In search for a title for this blog, I stumbled upon a few web pages that some would call “popular” sources. As college students, we are well aware how frowned upon these sources can be in an academic circle. My opinion on this matter differs, however, as these sites can provide valuable information than can sometimes be less biased than academic sources. When I was a freshman at Muhlenberg College, I was encouraged by one of my favorite chemistry professors to pursue an education in biochemistry. I started my college career as a prospective Biology major, and ended up being easily persuaded to take the path less traveled by, the biochemistry route. Now, three years later, I have no regrets about the decision I made.

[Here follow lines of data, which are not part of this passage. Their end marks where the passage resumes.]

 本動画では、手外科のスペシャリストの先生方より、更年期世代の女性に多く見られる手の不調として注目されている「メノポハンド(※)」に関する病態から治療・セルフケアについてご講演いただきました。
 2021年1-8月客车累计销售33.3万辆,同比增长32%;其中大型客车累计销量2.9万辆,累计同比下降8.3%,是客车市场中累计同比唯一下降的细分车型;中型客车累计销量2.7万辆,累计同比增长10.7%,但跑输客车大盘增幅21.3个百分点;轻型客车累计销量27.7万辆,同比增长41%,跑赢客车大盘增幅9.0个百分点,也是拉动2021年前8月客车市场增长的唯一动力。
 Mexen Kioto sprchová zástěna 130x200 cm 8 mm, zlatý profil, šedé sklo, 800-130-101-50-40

Coming out of high school, I had a limited scientific background. No one in my family is a scientist, and only a few of my relatives went to college. So you can imagine that when my professor recommended a biochemistry major, I was not too eager. I went home that day and Google-searched biochemistry. The field sounded difficult, busy, and new. I was intrigued. I learned that studying biochemistry in the 21st century involved a lot of bioinformatics and very advanced cancer research. There was so much that we did not know, and so much room for growth.

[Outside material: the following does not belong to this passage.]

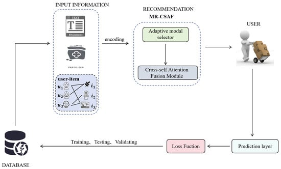 Figure 1, MR-CSAF builds on FREEDOM by adding an adaptive modality selector and a cross-self-attention fusion module. First, MR-CSAF’s adaptive modality selector dynamically adjusts the weights of different modalities to ensure that the features of each modality are learned in a balanced manner during training, even under data imbalance. MR-CSAF’s adaptive modality selector is able to dynamically adjust the attention between different product image and text modalities according to the current interaction context and user preferences. This dynamic adaptation mechanism enables MR-CSAF to adaptively optimize modal contributions in different scenarios, thus improving the accuracy and robustness of the recommendation system. The cross-self-attention fusion module propagates information between text and images, transferring information within each modality through the self-attention mechanism. Using this module, we can explicitly model the interactions between text, images, and interactions within modalities. These features are later propagated and aggregated across the user–item graph through a GNN. We performed experiments on three publicly available benchmark datasets. Our experimental results show that our model outperforms existing baseline approaches.
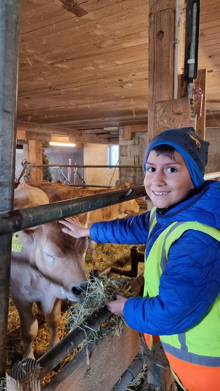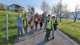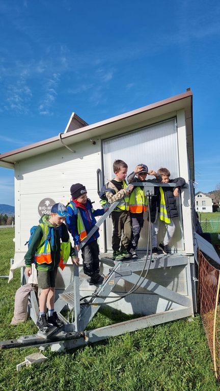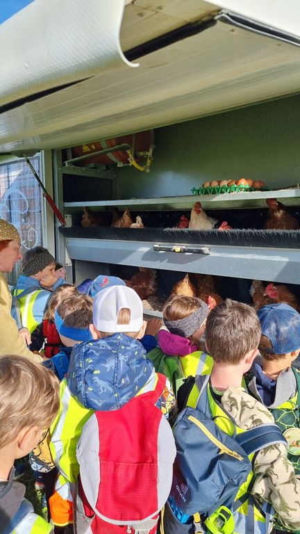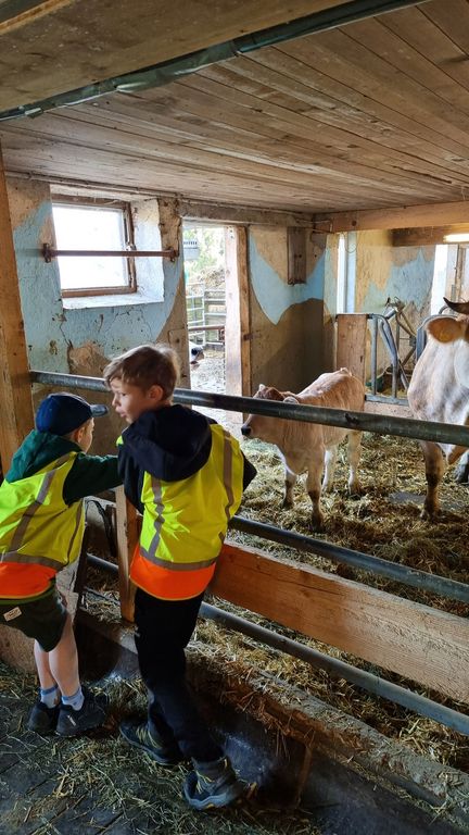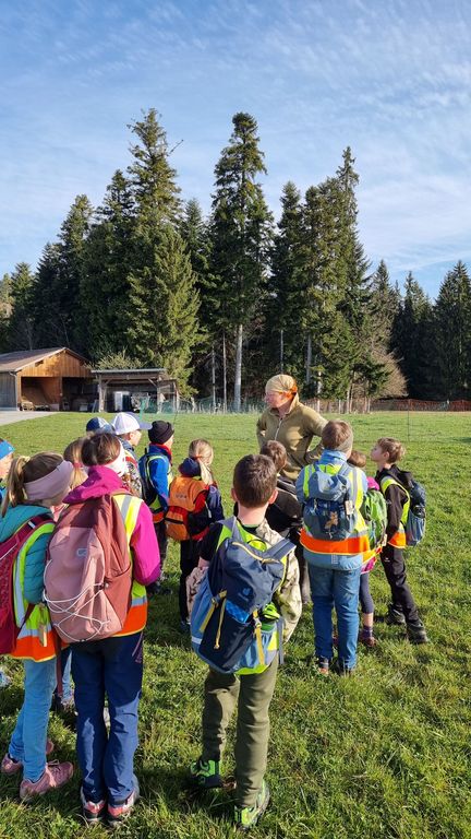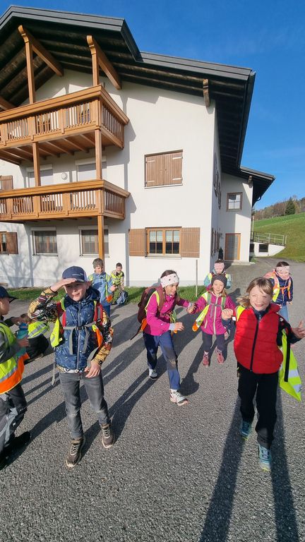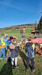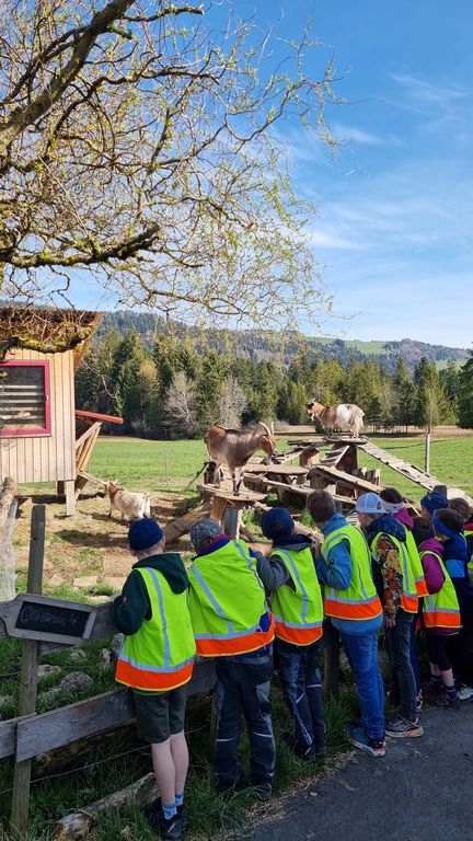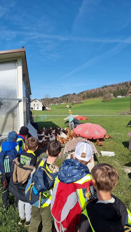 Bei herrlichem Frühlingswetter wanderten die Zweitklässler am Donnerstag, 09.04.26 zur Hühnerfarm GLÜCKSEI von Michaela und Stefan Vögel im Moos. Von Michaela erfuhren wir spielerisch viel Interessantes über Hühner, Hähne, Kühe und Kälber auf dem Bauernhof. Die zwei Hähne waren immer auf der Hut, um die Hennen mit ihrem Krähen rechtzeitig warnen zu können. Die gelegten Eier durften wir ausnehmen und in Eierschachteln schichten – bei 270 Hühnern gibt das täglich eine reiche „Ernte“.

Taking biology classes and chemistry classes is undeniably enjoyable, but to be able to connect the two is what makes the biochemical field one of the most appealing fields to me. Every biological function involves numerous intricate chemical reactions. Studying these reactions is what allows us to learn more and more about plants, animals, and all other living organisms, and more importantly, it allows us to understand human diseases and find targets for medications. The biochemistry field has helped many other fields grow, making it a varied science, and thus driving the name of this blog. As an aspiring physician, I am confident that the field I am majoring in will slowly, but surely, contribute significantly more to the medical field, helping patients get back to their families, and out of the hospitals, quicker and safer.